Now the closer we got to the wedding the closer we were needing to get thing done and rehearse how the ceremony would go and with this being said I contact the ones who were supposed to be in my wedding party and let them know we were having a that Sunday a couple day before May 17, 2022. I didn’t really ask for much let alone had any of my friends help out for my wedding. One friend who is the one of my wedding party told me he wasn’t coming at this point. This fine as he told and let me know a head time and there was a fix in the number of horned cups we order for all those in the wedding party. Now I still didn’t hear back from the other wedding party member at this point for the wedding rehearsal. Wedding rehearsal day beside my awesome family, one friend from my wedding party showed up and helped out with out being asked Thank you True Doz’ia you are a true friend. I did hear from another friend before this about him possible getting
Wedding day is here and the ceremony was planned to be at 1pm. @Vivicawolf and I got there pretty earlier to get ready and people started showing up around 10ish-11isham. Pictures were suppose to be at 12pm. True Doz’ia show up as he was the one I decided to have as my witness and one of my groomsmen. Thank god I didn’t choose the other person to be my witness. Now the closer we got to picture time 3 groups of my friends were not there yet one being part of my groomsmen. So we did pictures without him as we couldn’t wait any longer. The time is a little bit after 1pm when we are suppose be doing the ceremony the 3 group of friends did not show up, one supposed to be my groomsmen. Now we decided to start the ceremony with out them. BTW Still heard nothing from any of them, fucking stupid. Now, I finally heard from the long lost groomsmen is a Facebook comment on a picture I posted after we did the ceremony. Basically, one friend and his wife I never met showed up and my family. God damned awful one friend of the supposedly the so called big group of friends I have. Kind of hurtful as well. Lot of my family said those people aren’t my friends. Kind of show it to me as well But it is kind of hurtful. Though, my year behind me has also slightly desensitize to this kind of bullshit.

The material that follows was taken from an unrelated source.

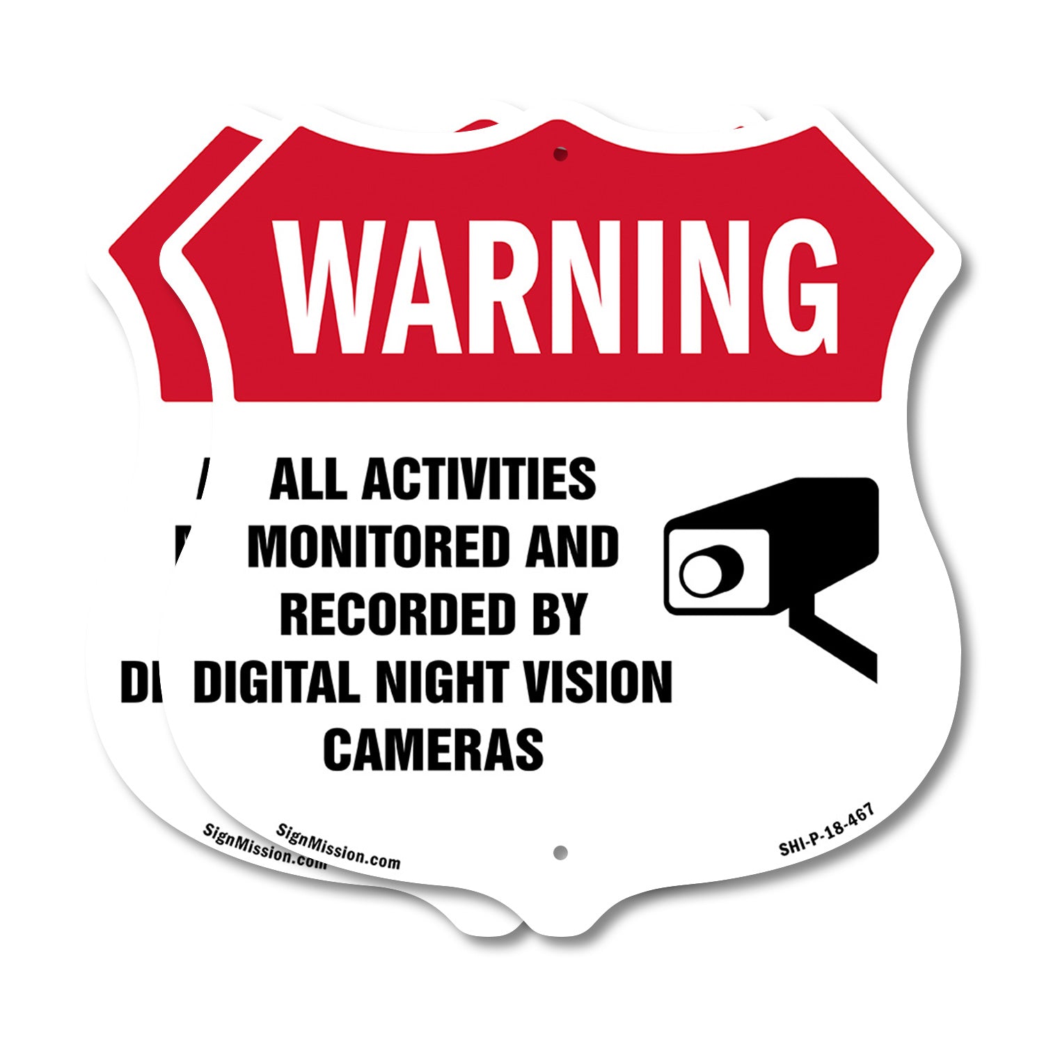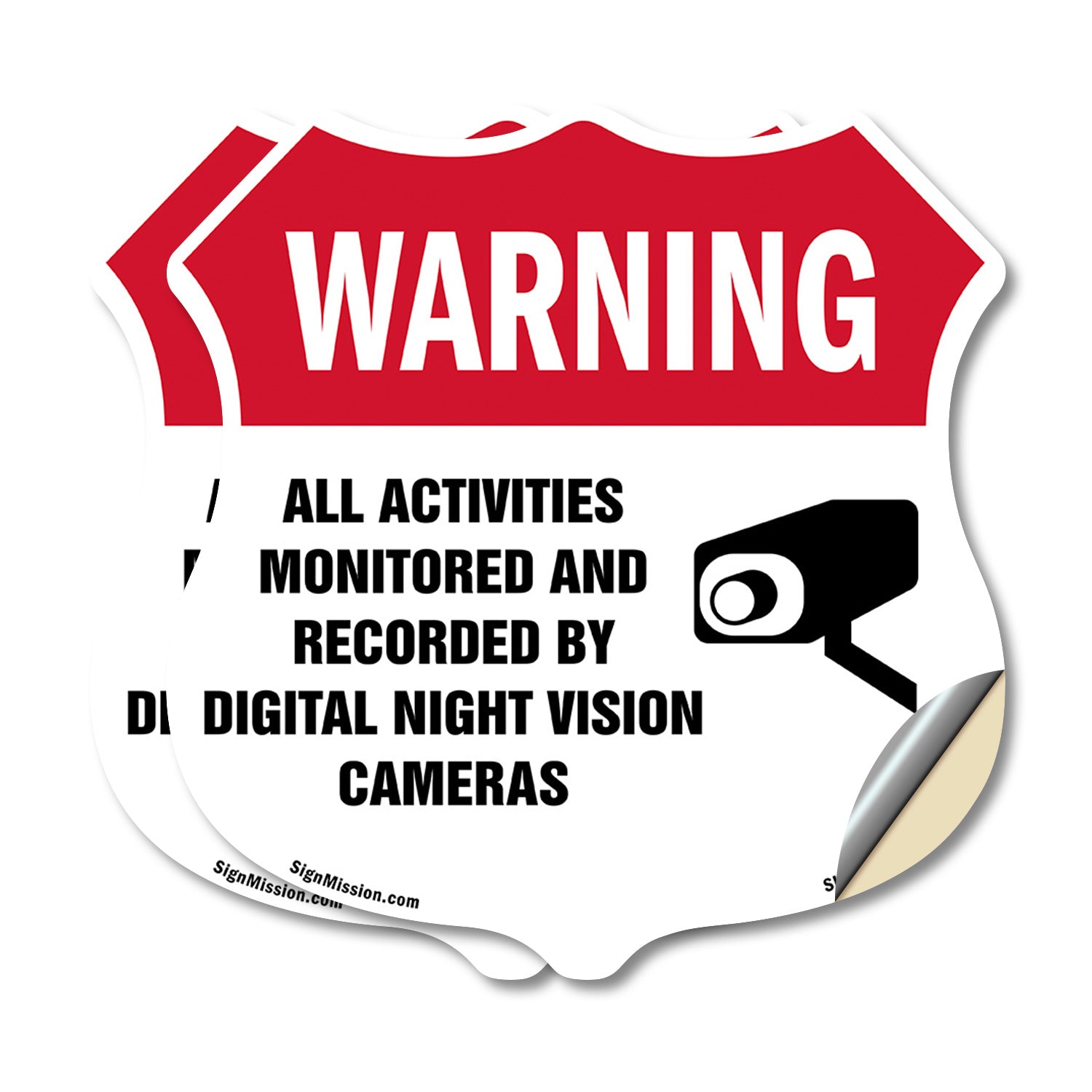 Video Surveillance Shield Label Set Warning All Activities Monitored And Recorded By Digital Night Vision Cameras - Plastic Sign / 6 inch X 6 inch is backordered and will ship as soon as it is back in stock.

I will say this blog post was pretty hard to write but I’m glad I did. Now like said earlier I plan on writing my story a bit more but I plan on making them member only post to get you to create an account on our site and something things discuss might not be so public/NSFW so that what I plan. I seen a lot of bullshit in my life and been bullied a lot during my school year so maybe if can help someone else but maybe to also help myself. Now I also want to mention that my step kid came out as my trans son with his best man speech which was important for him and was super hard because my wife’s family is super Republican’s and conservative. Even sat their table and talked shit about him while he gave his speech which I was super fucking proud of. Now I wonder if those 3 groups of friends would have talked shit as well because they are also super republican/conservative. It’s hard to say because those assholes didn’t even some 2 never contacted me at all. Fuck them.